A busy day followed: full sail to being heavily reefed in a few minutes (with helpful tide, an exhilarating ride through Sound of Islay at over 10 knots), then becalmed for an hour……then full sail, reefed, heavily reefed, all over again! Wind and tide conspired to stop me reaching Rathlin Island off N. Ireland so headed on to the busy sun-drenched N.I. holiday resort of Portrush instead. Lots of pink flesh, cheery children and chips.

Briskly through Sound of Islay....

...and over to Portrush, N.I.
In the local yacht club that night I looked for locals to tell me of ports of call to the west, but found only American visitors! So, I learnt of golf and deer-hunting from a middle-aged couple from South Carolina (here for golf) – a fascinating change from sailing chit-chat. We may have a ‘special relationship’ with Americans but I felt I might have more in common with Martians.

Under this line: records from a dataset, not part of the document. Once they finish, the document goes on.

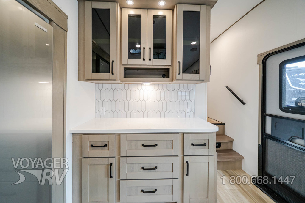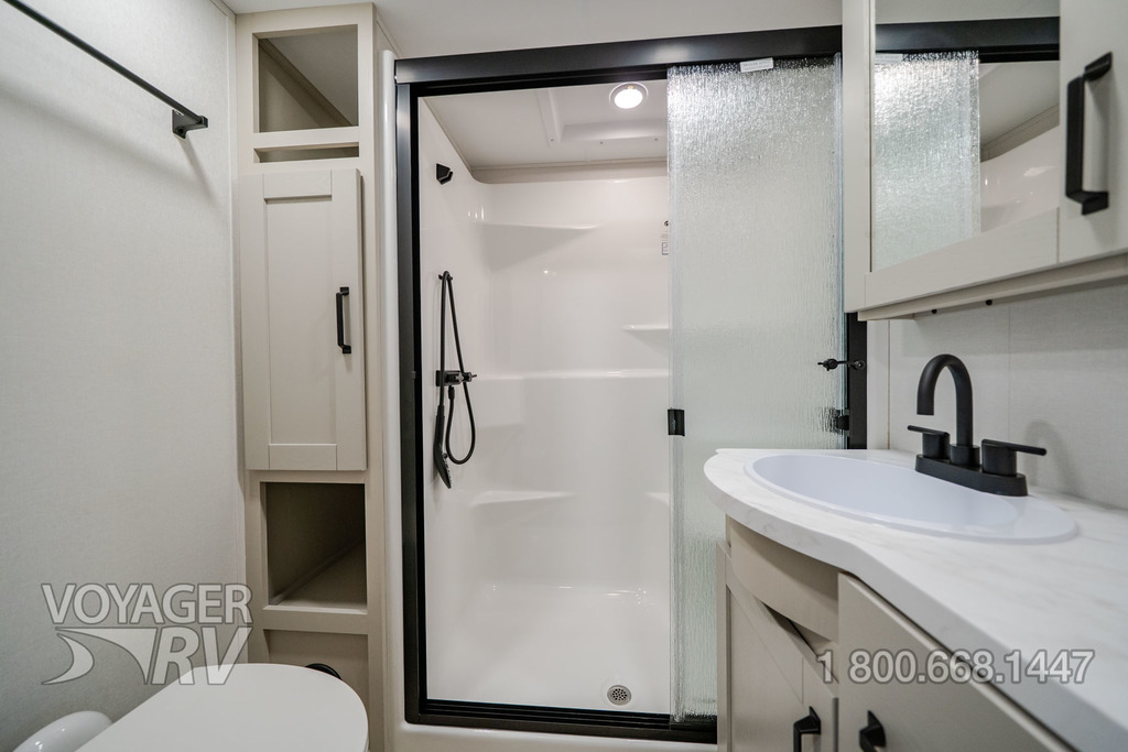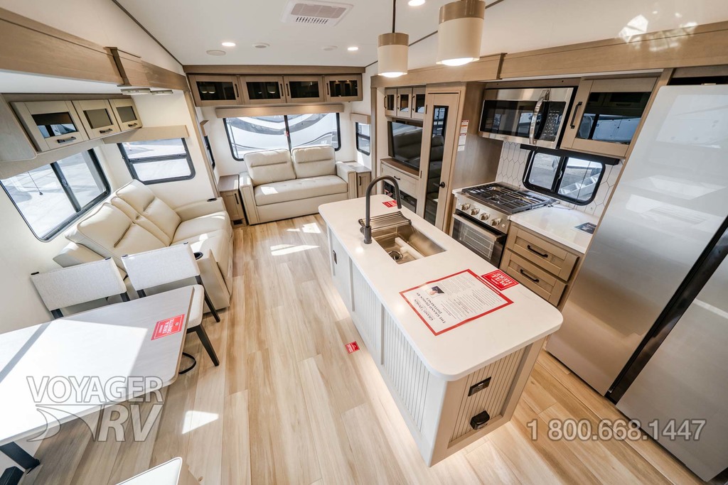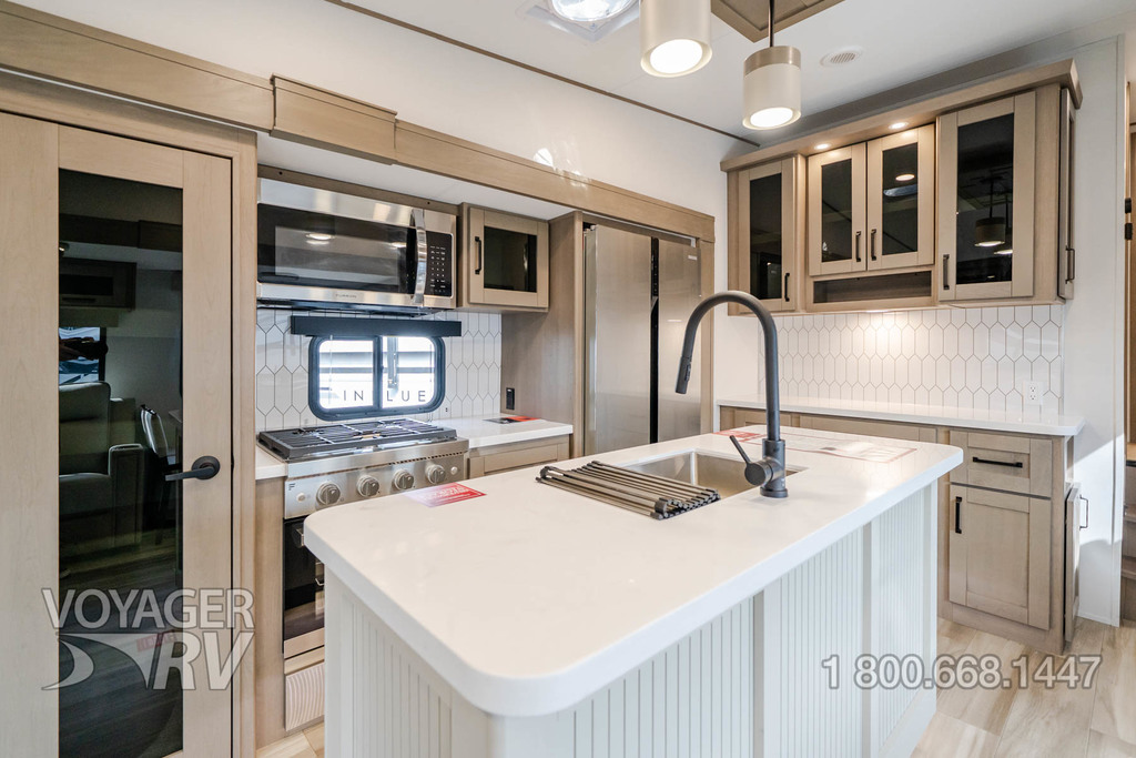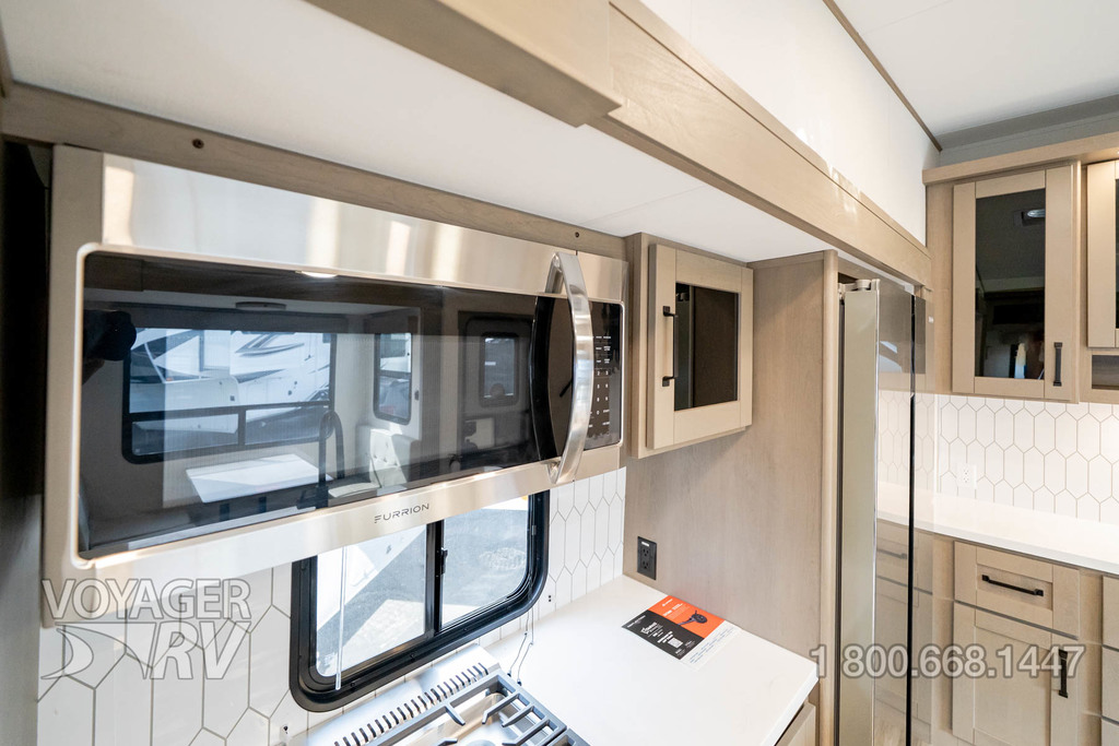 - Peace of Mind Package: Brass Plumbing Fixtures w/ Water Shutoffs at all Major Plumbing Sources, Hardwood Residential Cabinetry w/ Soft Close Hinges, Pull Out Trash Can Storage, Silverware Drawer, Spice Rack Drawer, Pull Out Pet Dish, Hi-Rise Faucet w/ Pullout Hose, Stainless Steel Kitchen Sink w/ Roll-Up Sink Cover, Solid Surface Countertop, Upgraded Furniture, Porcelain Toilet, Medicine Cabinet, Fully Painted Front Cap, Unobstructed Pass-Through Storage w/ Diamond Plate Flooring, MORryde “StebAbove” Entry Step w/ Lift Assist, MORryde Safe-T Rail, Screen Defender, Pet Leash Hitch, Lippert Thin Shade Installed, All-in-One Docking Station w/ EZ Winterization Valve, Lift Assist Front Cargo Door, Beltless Rolled Skirt Metal, LP Quick Connect, 6’ Coiled Break Away Cable, Aluminum Rims, Spare Tire w/ Undermount Carrier, 2” Receiver Hitch, 7-Way Plug Holder, MORryde CRE3000 Suspension, Self-Adjusting Brakes, Banded TPMS, CounterAct Balance Beads, Reverse Lights, Exterior Mounted Ladder for Full Walk-On Roof Access.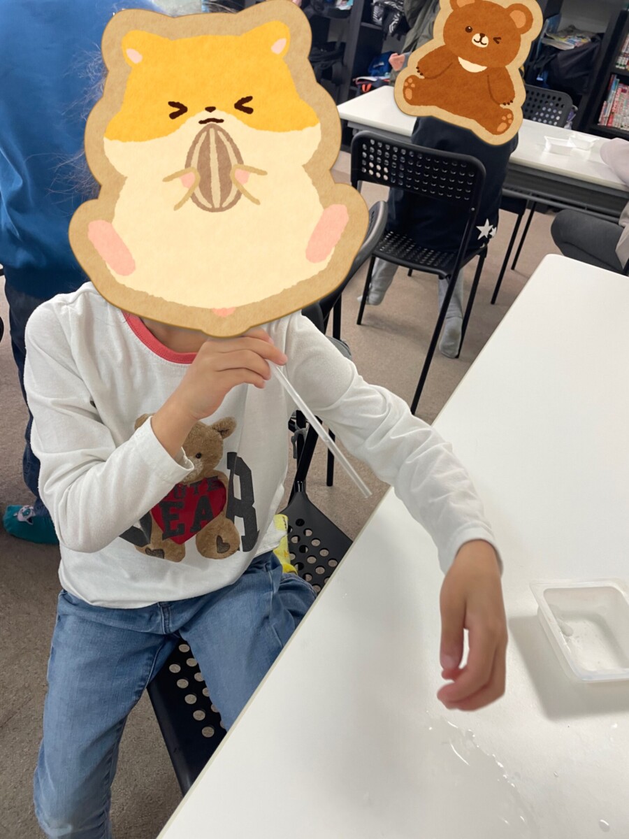 今日利用してくれたのは、割と運動系が好きな活発系の子どもたちなので、座ってやるプログラムは苦手かなと思いながら様子をみていましたが、みんな着席して実験に取り組めていました。
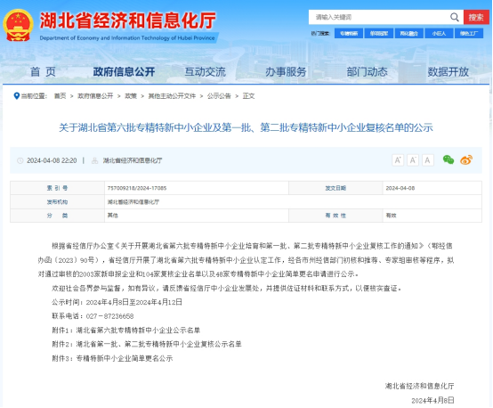 转载 2024-04-15 10:13 旭日蓝天 来源:旭日蓝天2024年4月8日,湖北经济和信息化厅发布了《关于开展湖北省第六批专精特新中小企业培育和第一批、第二批专精特新中小企业复核工作的公示》,旭日蓝天(武汉)科技有限公司成功获得“湖北省第六批专精特新中小企业”认定。

The harbour master in Portrush told me, in his warm friendly tuneful Irish lilt, that no-one really goes west beyond Lough Foyle and  Lough Swilly; “…ooh, there’s not’ing west o’ there; there be dragons…”
Rockstown Bay

Tory Island

...in cheery friendly Ireland

He was pretty much right and in two days sailing west across the top of Ireland, I anchored at night in empty bays that appeared as evening drew in, and saw not a single sailing boat. The second night was especially uncomfortable with persistent Atlantic swell, plus the knowledge of Tory Island on one side and Bloody Foreland the other, and idle thoughts of the dragons that might be hungry. Would you sleep well in such a place? (Also, look up the origin of the term Tory if you like. My guide says the island is the “home of the fearsome Celtic god Balor of the Evil Eye….Tories became a by-word for lawless freebooters, reflecting the 18th-century activities…”. After very little sleep and some rare dreams, I sailed next another 50 miles to this little and picturesque natural harbour, Teelin, in Donegal Bay. The seas have been unbelievably empty and, until last night I had not seen a single sailing boat for three days. Here in Teelin there’s another sailing boat and determined young rowers and children crabbing and fishermen and a friendly chatty group of Irish holiday-makers, and not a dragon to be seen.
........I've now reached Sligo, where they claim Yeats, and there are 'facilities'!